Rule 53.03 Doesn’t Apply to Expert Witnesses Not Retained for Purposes of the Litigation

Subrule 53.03(1) of the Rules of Civil Procedure provides that, “[a] party who intends to call an expert witness at trial shall, not less than 90 days before the commencement of the trial, serve on every other party to the action a report, signed by the expert, setting out his or her name, address and qualifications and the substance of his or her proposed testimony.”

In Hall v. Karwartha Karpet & Tile, Mr. Justice Donald S. Ferguson had to consider the scope of that provision. As he characterized it, the issue in this case was “whether or not Rule 53.03 applies to a person with expertise who was involved in the history of the subject matter of the action or applies only to persons retained as experts by a party for the purpose of assisting in the litigation.”
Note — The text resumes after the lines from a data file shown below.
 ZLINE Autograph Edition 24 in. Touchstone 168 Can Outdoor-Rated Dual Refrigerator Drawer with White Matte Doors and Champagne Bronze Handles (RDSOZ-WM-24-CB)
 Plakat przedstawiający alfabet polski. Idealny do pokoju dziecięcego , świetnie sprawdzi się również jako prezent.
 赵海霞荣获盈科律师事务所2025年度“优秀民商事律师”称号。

The lawsuit arose out of a fire. The plaintiffs wished to call as a witness at trial an assistant fire chief who had investigated the fire and prepared a one-page occurrence report. As Ferguson J. observed, that report would not meet the requirements of Rule 53.03 because it did not set out the substance of, or basis for, the chief’s conclusions. Could the plaintiffs nevertheless call him as a witness? Justice Ferguson held that they could.

This decision will have broad implications for the conduct of civil litigation in this province, given the increasingly important role of expert witnesses.
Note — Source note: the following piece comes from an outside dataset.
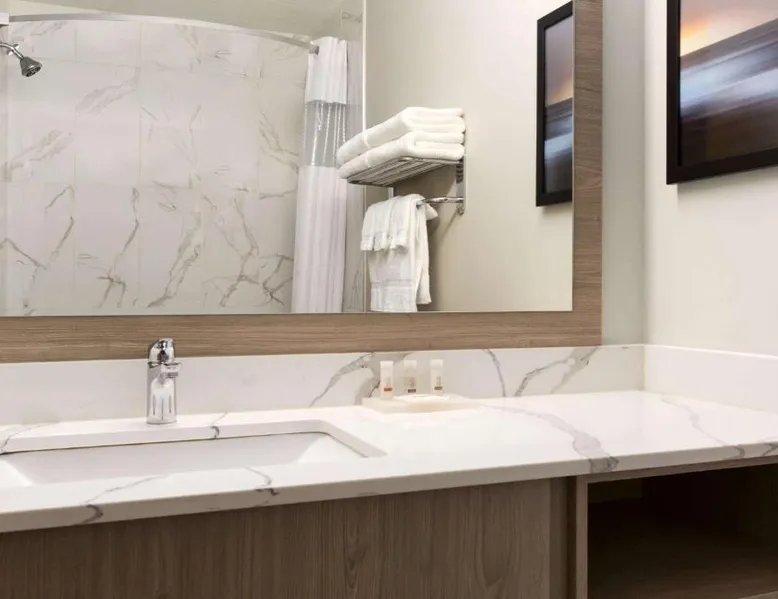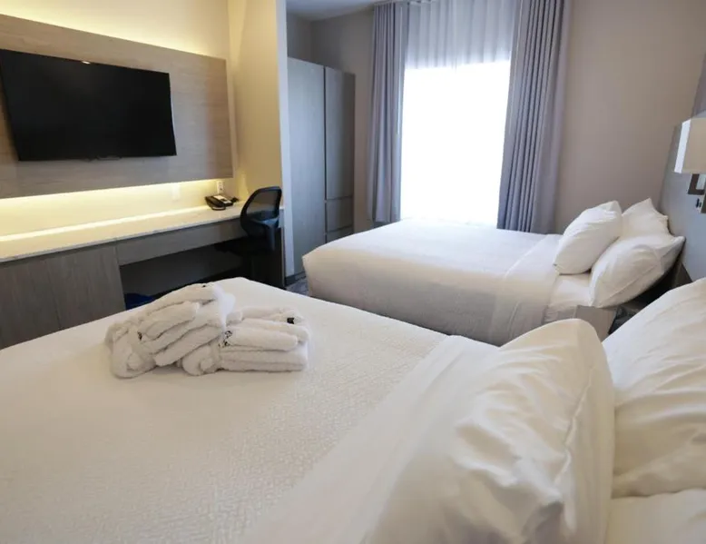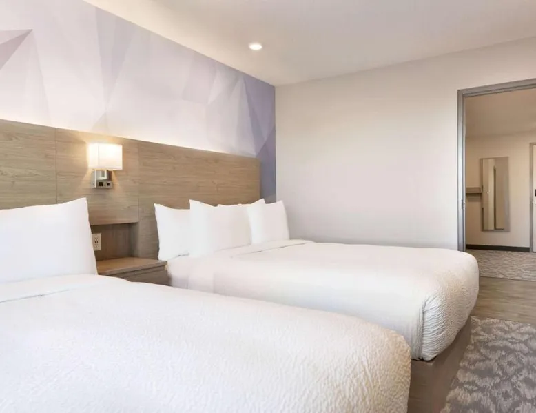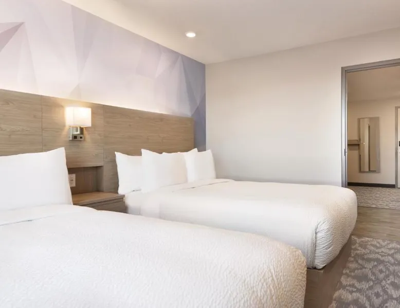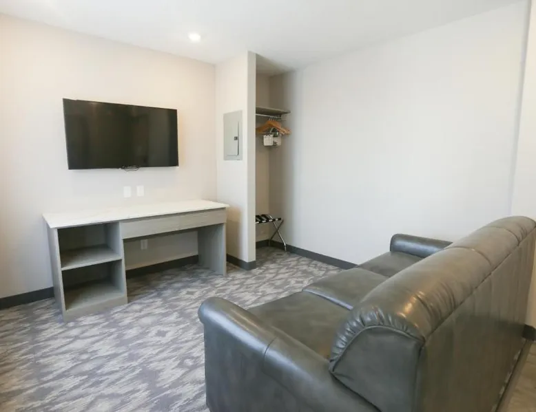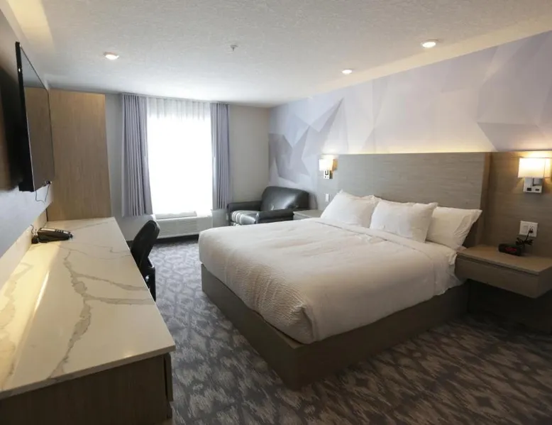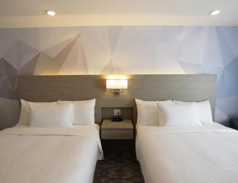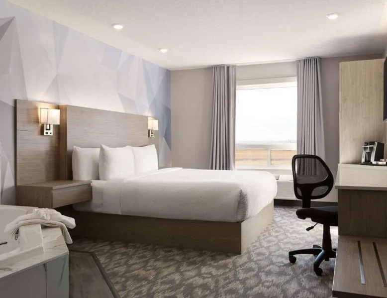Comfortable Accommodations: Rooms feature air-conditioning, private bathrooms with walk-in showers, tea and coffee makers, and free WiFi. Additional amenities include bathrobes, sofa beds, and interconnected rooms. Leisure Facilities: Guests can enjoy a fitness center, indoor swimming pool, and hot tub. The property also offers a lounge, fitness room, and business area. Convenient Location: Located in Balzac, the hotel is 5 mi from Calgary International Airport. Nearby attractions include CrossIron Mills (2.1 mi) and Calgary Tower (17 mi). Free on-site private parking is available. Guest Services: The hotel provides a 24-hour front desk, express check-in and check-out, and luggage storage. Special diet menus and a child-friendly buffet cater to all guests. The air-conditioned suite has 2 bedrooms and 1 bathroom with a bath and a shower. The suite features a tea and coffee maker, a wardrobe, a tiled floor, a carpeted floor, as well as a flat-screen TV with cable channels. The unit has 3 beds.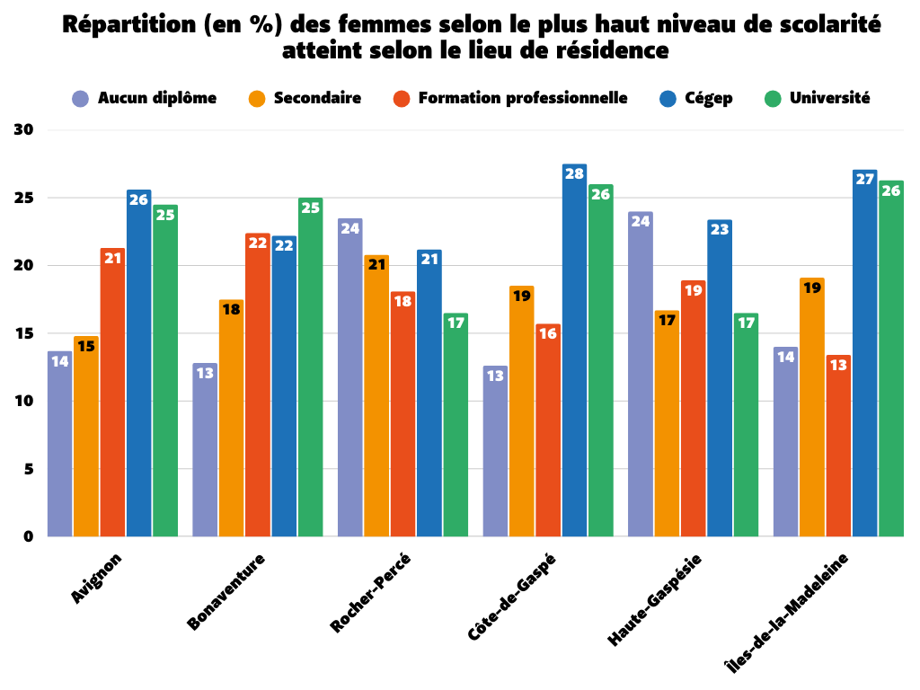 En 2021, le niveau de scolarité le plus souvent atteint par les femmes de la région âgées de 25 à 54 ans était le niveau collégial, les femmes étaient proportionnellement plus nombreuses (>24 %) à ne détenir aucun diplôme dans les MRC du Rocher-Percé et de la Haute-Gaspésie, et c’est dans la Côte-de-Gaspé où les femmes sont le plus scolarisées avec un taux de diplomation postsecondaire de 70 % [17].

In summary, Ferguson J. held:

  • Rule 53.08 [sic; His Honour refers repeatedly to this Rule, but it appears that he intended to refer to Rule 53.03] was intended to apply to persons with special expertise who are retained by a party to assist in litigation. Thus, subrule 53.03 does not even apply to this situation.
  • Section 12 of the Evidence Act, which provides that a party cannot call more than three expert witnesses without leave, does not apply to persons who were involved in the history of the matter. His Honour gave as examples the defendant in a professional negligence case against an engineer or a physician who had treated a personal injury plaintiff “in the normal course”.
  • A witness who has been involved in the history of the matter might not be qualified to testify as an expert, because of lack of independence. His Honour said that “a number of cases have now established that an expert has a duty to the court and must provide ‘independent’ opinion rather than just a ‘hired gun’ opinion for the purpose of assisting the party who retained him or her.”
  • Rule 53.03 was not intended to apply to witnesses where a party could not be expected or even be able to comply with the requirements set out above. This case was an example of that situation; the expert in question was fulfilling a duty by investigating the fire and preparing an occurrence report. The parties to the litigation would have no way of compelling him to prepare a report that satisfied the requirements of Rule 53.03.

This decision will have interesting consequences. It excepts from Rule 53.03 those experts who have become involved with a case other than through being directly hired for purposes of the litigation. How far does Justice Ferguson’s decision extend? For example, would a plaintiff be entitled to call as a witness his or her family doctor, with no notice to the defendant as to what that doctor will say in evidence, apart from what is contained in the doctor’s office chart?

It is likely that the number of experts called by parties will swell as a result Justice Ferguson’s decision that the Evidence Act‘s three-witness limit does not apply to many of them.

Finally, the ruling will probably mean that quite a few experts will be testifying at trial without at least one party (and possibly both!) knowing what they are going to say until they are in the box.